> [REQUIRED WORK]: Each line of the records is to be copied verbatim.

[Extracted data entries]
++++

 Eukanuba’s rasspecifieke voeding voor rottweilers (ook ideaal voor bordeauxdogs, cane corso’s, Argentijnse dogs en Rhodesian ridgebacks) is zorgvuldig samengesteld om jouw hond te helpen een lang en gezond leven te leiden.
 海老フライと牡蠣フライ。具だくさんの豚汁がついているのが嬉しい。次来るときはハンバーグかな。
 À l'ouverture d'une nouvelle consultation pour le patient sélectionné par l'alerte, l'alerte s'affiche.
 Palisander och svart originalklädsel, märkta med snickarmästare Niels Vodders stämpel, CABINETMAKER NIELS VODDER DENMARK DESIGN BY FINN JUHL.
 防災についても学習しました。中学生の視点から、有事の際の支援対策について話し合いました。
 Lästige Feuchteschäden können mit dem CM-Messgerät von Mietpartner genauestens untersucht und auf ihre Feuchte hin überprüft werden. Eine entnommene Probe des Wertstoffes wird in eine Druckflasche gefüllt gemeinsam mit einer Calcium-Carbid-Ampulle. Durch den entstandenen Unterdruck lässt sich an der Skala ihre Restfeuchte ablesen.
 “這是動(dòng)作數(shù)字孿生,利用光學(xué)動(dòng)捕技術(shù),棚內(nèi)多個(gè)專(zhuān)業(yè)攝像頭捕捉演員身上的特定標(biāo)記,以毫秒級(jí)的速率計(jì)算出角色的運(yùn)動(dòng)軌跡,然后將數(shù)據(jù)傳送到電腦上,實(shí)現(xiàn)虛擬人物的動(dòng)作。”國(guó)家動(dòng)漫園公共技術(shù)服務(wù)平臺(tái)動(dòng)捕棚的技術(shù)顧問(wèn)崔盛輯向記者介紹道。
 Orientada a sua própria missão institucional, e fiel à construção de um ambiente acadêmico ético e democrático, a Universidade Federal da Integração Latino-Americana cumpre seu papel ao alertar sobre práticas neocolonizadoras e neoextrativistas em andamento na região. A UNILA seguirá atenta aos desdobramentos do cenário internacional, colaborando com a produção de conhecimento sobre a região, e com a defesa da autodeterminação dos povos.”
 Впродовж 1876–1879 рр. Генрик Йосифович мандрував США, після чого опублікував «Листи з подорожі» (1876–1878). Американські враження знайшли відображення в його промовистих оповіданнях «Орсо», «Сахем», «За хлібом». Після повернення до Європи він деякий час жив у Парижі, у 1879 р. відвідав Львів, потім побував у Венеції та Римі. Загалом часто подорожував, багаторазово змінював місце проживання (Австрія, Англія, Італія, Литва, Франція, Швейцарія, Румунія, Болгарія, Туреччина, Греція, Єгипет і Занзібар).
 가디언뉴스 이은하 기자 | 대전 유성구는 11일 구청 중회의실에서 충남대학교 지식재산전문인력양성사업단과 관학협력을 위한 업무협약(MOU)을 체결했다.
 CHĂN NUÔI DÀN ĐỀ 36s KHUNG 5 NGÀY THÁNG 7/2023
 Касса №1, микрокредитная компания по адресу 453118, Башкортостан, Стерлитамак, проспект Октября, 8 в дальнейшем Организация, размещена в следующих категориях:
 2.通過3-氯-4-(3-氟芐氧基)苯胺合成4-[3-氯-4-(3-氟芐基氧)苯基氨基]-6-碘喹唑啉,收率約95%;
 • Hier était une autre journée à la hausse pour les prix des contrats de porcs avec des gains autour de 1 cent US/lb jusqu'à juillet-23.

++++

> [SOLUTION]:
 Eukanuba’s rasspecifieke voeding voor rottweilers (ook ideaal voor bordeauxdogs, cane corso’s, Argentijnse dogs en Rhodesian ridgebacks) is zorgvuldig samengesteld om jouw hond te helpen een lang en gezond leven te leiden.
 海老フライと牡蠣フライ。具だくさんの豚汁がついているのが嬉しい。次来るときはハンバーグかな。
 À l'ouverture d'une nouvelle consultation pour le patient sélectionné par l'alerte, l'alerte s'affiche.
 Palisander och svart originalklädsel, märkta med snickarmästare Niels Vodders stämpel, CABINETMAKER NIELS VODDER DENMARK DESIGN BY FINN JUHL.
 防災についても学習しました。中学生の視点から、有事の際の支援対策について話し合いました。
 Lästige Feuchteschäden können mit dem CM-Messgerät von Mietpartner genauestens untersucht und auf ihre Feuchte hin überprüft werden. Eine entnommene Probe des Wertstoffes wird in eine Druckflasche gefüllt gemeinsam mit einer Calcium-Carbid-Ampulle. Durch den entstandenen Unterdruck lässt sich an der Skala ihre Restfeuchte ablesen.
 “這是動(dòng)作數(shù)字孿生,利用光學(xué)動(dòng)捕技術(shù),棚內(nèi)多個(gè)專(zhuān)業(yè)攝像頭捕捉演員身上的特定標(biāo)記,以毫秒級(jí)的速率計(jì)算出角色的運(yùn)動(dòng)軌跡,然后將數(shù)據(jù)傳送到電腦上,實(shí)現(xiàn)虛擬人物的動(dòng)作。”國(guó)家動(dòng)漫園公共技術(shù)服務(wù)平臺(tái)動(dòng)捕棚的技術(shù)顧問(wèn)崔盛輯向記者介紹道。
 Orientada a sua própria missão institucional, e fiel à construção de um ambiente acadêmico ético e democrático, a Universidade Federal da Integração Latino-Americana cumpre seu papel ao alertar sobre práticas neocolonizadoras e neoextrativistas em andamento na região. A UNILA seguirá atenta aos desdobramentos do cenário internacional, colaborando com a produção de conhecimento sobre a região, e com a defesa da autodeterminação dos povos.”
 Впродовж 1876–1879 рр. Генрик Йосифович мандрував США, після чого опублікував «Листи з подорожі» (1876–1878). Американські враження знайшли відображення в його промовистих оповіданнях «Орсо», «Сахем», «За хлібом». Після повернення до Європи він деякий час жив у Парижі, у 1879 р. відвідав Львів, потім побував у Венеції та Римі. Загалом часто подорожував, багаторазово змінював місце проживання (Австрія, Англія, Італія, Литва, Франція, Швейцарія, Румунія, Болгарія, Туреччина, Греція, Єгипет і Занзібар).
 가디언뉴스 이은하 기자 | 대전 유성구는 11일 구청 중회의실에서 충남대학교 지식재산전문인력양성사업단과 관학협력을 위한 업무협약(MOU)을 체결했다.
 CHĂN NUÔI DÀN ĐỀ 36s KHUNG 5 NGÀY THÁNG 7/2023
 Касса №1, микрокредитная компания по адресу 453118, Башкортостан, Стерлитамак, проспект Октября, 8 в дальнейшем Организация, размещена в следующих категориях:
 2.通過3-氯-4-(3-氟芐氧基)苯胺合成4-[3-氯-4-(3-氟芐基氧)苯基氨基]-6-碘喹唑啉,收率約95%;
 • Hier était une autre journée à la hausse pour les prix des contrats de porcs avec des gains autour de 1 cent US/lb jusqu'à juillet-23.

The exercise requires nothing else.